Former Vice President Joe Biden

Feb. 19, 2020 — Despite former Vice President Joe Biden’s poor performance in Iowa and New Hampshire, the latest available data suggests his presidential campaign status is not as dire as some in the media are prognosticating.

There have only been five Nevada Caucus polls released since the first of the year and the most recent one appears potentially unreliable. Point Blank Associates actually finds Tom Steyer leading the poll conducted over the Feb. 13-15 period, in a 19-16-14-13-13 percent count over Sen. Amy Klobuchar, Biden, Sen. Bernie Sanders, and former mayor, Pete Buttigieg. This poll has a sample size of only 256 respondents, thus making the error factor unacceptably high.

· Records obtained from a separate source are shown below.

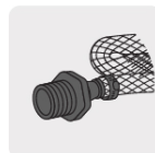
Para manguera flexible
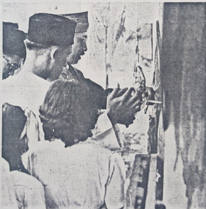
DULI YANG MAHA MULIA MAULANA AL-SULTAN, SIR OMAR ALI SAIFUD-DIN kelihatan sedang mengisytiharkan pembukaan rasmi SEKOLAH MELAYU DULI PENGIRAN MUDA MAHKOTA, Kuala Tutong pada 14 Oktober, 1962. Berita pembukaan rasmi sekolah itu telah di-siarkan dalam akhbar ini pada 17 Oktober, 1962.
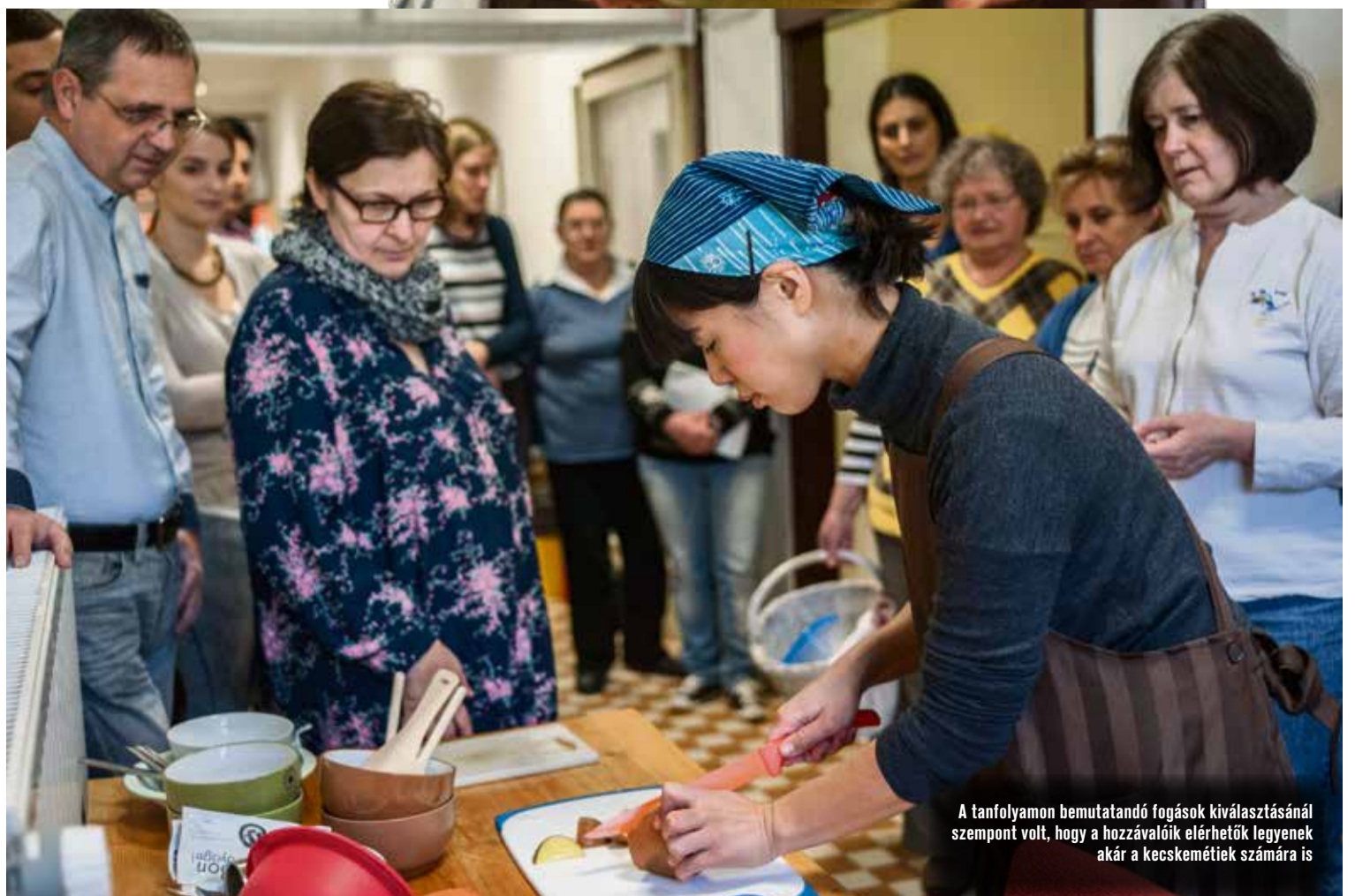
A tanfolyamon bemutatandó fogások kiválasztásánál szempont volt, hogy a hozzávalók elérhetőek legyenek akár a kecskemétiak számára is

A Junko konyhája gasztrónómiai tanfolyam következő részét február 18-án, szombaton tartják. Helyszíne a Kecskeméti Tánics Mihály Középiskolai Kollégium, Kecskemét, Nyíri út 28. A tanfolyam díja 1.500 Ft. Jelentkezés, kapcsolat, információk a kecskemet.aomori@gmail.com címen érhetőek el. Az esemény támogatója a Kecskemét-Aomori Baráti Kör és Kecskemét Megyei Jogú Város.

On the other hand, WPA Intelligence went into the field over the Feb. 11-13 period with a more reasonable sample size of 413 individuals who are described as likely voters. In contrast with the Point Blank result, WPAi finds Sen. Sanders leading the field, a conclusion more consistent with previously released polls. According to WPA, the split is 25-18-13-11-10-10 percent, with Biden in second place followed consecutively by Warren, Steyer, Buttigieg, and Klobuchar.

Therefore, while Biden is not leading either of these Nevada polls, he looks to be in range for potential delegate allocation. Obtaining delegate votes in Nevada will put him in better position to rebound for Super Tuesday, and particularly so if he can hold on to win in South Carolina.

The new East Carolina University survey still finds Biden leading the field in the Palmetto State as he has in every poll conducted in January, early February, and all of last year. East Carolina (Feb. 12-13; 703 likely South Carolina Democratic primary voters) projects Biden to a 28-20-14 percent lead over Sanders and Steyer, respectively. All others fall below 10 percent support.